Mailing List Archive

1 2  View All
Re: AWL vs. mailing lists [ In reply to ]
* "Keith C. Ivey" <kcivey@cpcug.org> [2004:02:25:23:55:15-0500] scribed:
<snip />

> Along with those five examples of correctly identified spams,
> you did post two examples where the AWL adjustment may have
> caused a false negative. But in both cases the message
> triggered BAYES_00, which probably had a larger contribution to
> the miscategorization. Judging by those I'd say the real
> problem is spam being incorrectly autolearned as ham. Spam
> should not be getting BAYES_00 or BAYES_01, as it is in the
> majority of your examples. Maybe you should be blaming
> autolearning rather than autowhitelisting.

I am intrigued by your last sentence.

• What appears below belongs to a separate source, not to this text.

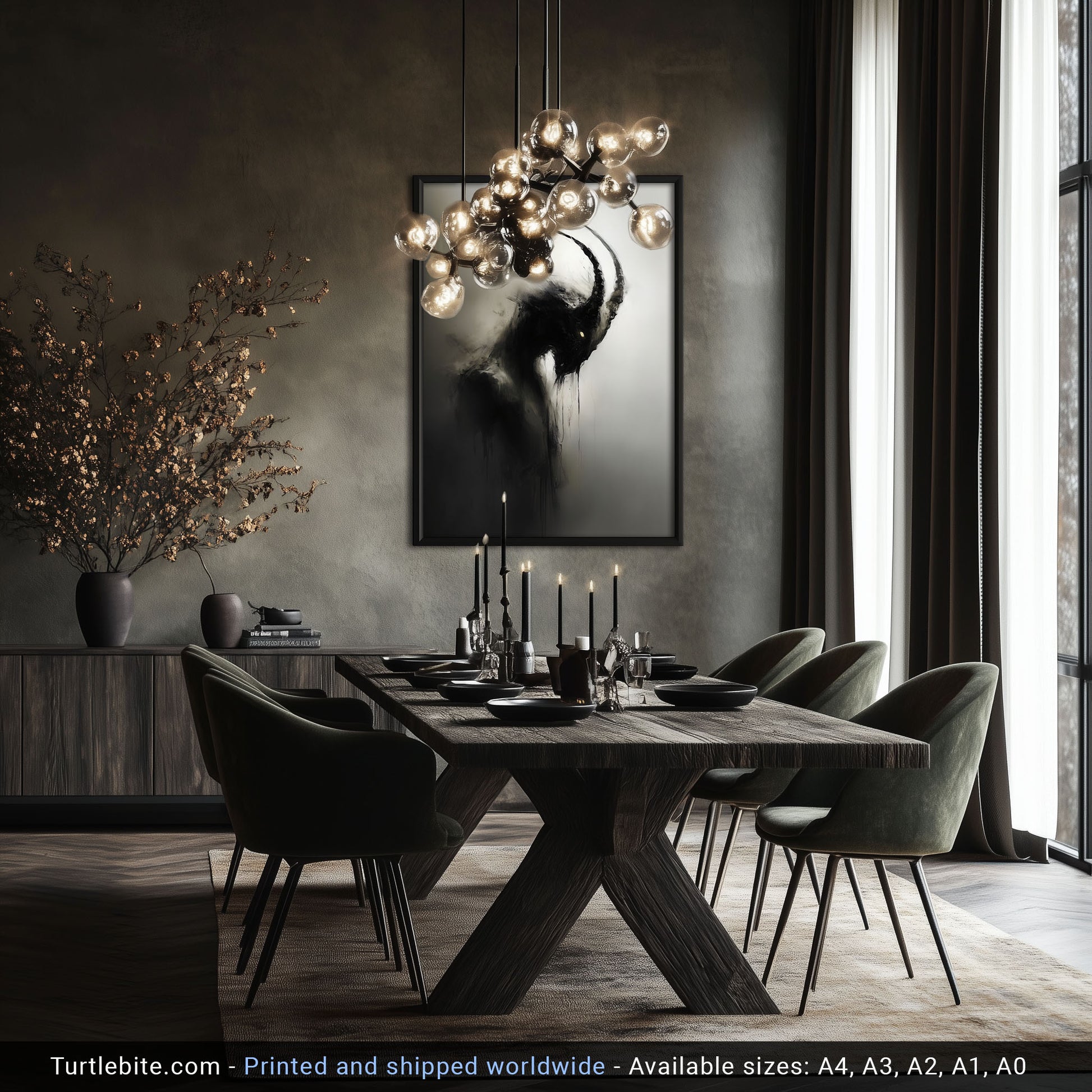 Please note: posters are supplied unframed, the pictures on this website show examples of possible framing. Prints may exhibit slight variation from what you see on your screen due to differences in calibration, brightness, and ambient lighting. Mockups serve only as illustrations and may not perfectly represent the final artwork.

Care to expound?

--
Best Regards,

mds
mds resource
877.596.8237
-
Dare to fix things before they break . . .
-
Our capacity for understanding is inversely proportional to how much
we think we know. The more I know, the more I know I don't know . . .
--
Re: AWL vs. mailing lists [ In reply to ]
Michael D Schleif <mds@helices.org> wrote:
> * "Keith C. Ivey" <kcivey@cpcug.org> [2004:02:25:23:55:15-0500] scribed:
> <snip />
>
> > Along with those five examples of correctly identified spams,
> > you did post two examples where the AWL adjustment may have
> > caused a false negative. But in both cases the message
> > triggered BAYES_00, which probably had a larger contribution to
> > the miscategorization. Judging by those I'd say the real
> > problem is spam being incorrectly autolearned as ham. Spam
> > should not be getting BAYES_00 or BAYES_01, as it is in the
> > majority of your examples. Maybe you should be blaming
> > autolearning rather than autowhitelisting.
>
> I am intrigued by your last sentence. Care to expound?

It seems an obvious conclusion from the preceding sentences in
the paragraph. When spam is getting BAYES_00 or BAYES_01, it's
a strong indication that some spam has been mislearned as ham.
Usually such mislearning happens because of autolearning,
though it could also happen by mistakes in manual learning.

--
Keith C. Ivey <kcivey@cpcug.org>
Washington, DC
Re: AWL vs. mailing lists [ In reply to ]
Michael D Schleif <mds@helices.org> wrote:

> I posted those examples, such as they are, as evidence that I really get
> AWL scores that high -- since some skeptics argued that that is not
> possible. In fact, so far, everybody has accepted my examples as
> examples of high AWL scores. To now argue that they are inadequate
> examples of else, is arguably perverse ;>

Yes, I believe that you have gotten AWL adjustments of -25, but
they're irrelevant to the problem. They're not causing spam to
be miscategorized, so those high AWL adjustments don't matter.
They're a natural side effect of high scores.

You haven't posted the details of cases where AWL has caused
miscategorization, but I don't believe that the AWL adjustment
in those cases is anything like -25.

--
Keith C. Ivey <kcivey@cpcug.org>
Washington, DC
RE: AWL vs. mailing lists [ In reply to ]
-----Original Message-----
> From: Michael D. Schleif [mailto:mds@bragi.private.network]
>
> P.S., Whatever I do know about AWL, how can one message have _both_
> BAYES_99 *AND* AWL of -5.4 ???
>
>

That is the most basic misunderstanding of what AWL is. This is exactly
what's being asked in http://wiki.spamassassin.org/w/AwlWrongWay. If I
send you 10000 emails that all score 10, and I send you one that scores
20.8, it will give it an AWL of -5.4. (20.8 + 10.0)/2 Bayes and any
other test is completely irrelevent and has nothing to do with AWL.
It's simply a score averaging system.

If a spammer sends me 10000 emails that score 25, then ONE email that
scores 75, there will be a -25 AWL. Which I believe is what you saw
when you suddenly introduced a 50-point test into your configuration.
Of *course* it's possible. Same as it's possible for me to make a
900-point test on your signature, and all of a sudden the first time you
send me an email your AWL will be +900, even if it's a direct reply to
something I sent you and not spam. Then I remove the test, and your AWL
will still be high, but decrease with each subsequent low-scoring,
Bayes_00, bonded-sender, habeas-stamped email.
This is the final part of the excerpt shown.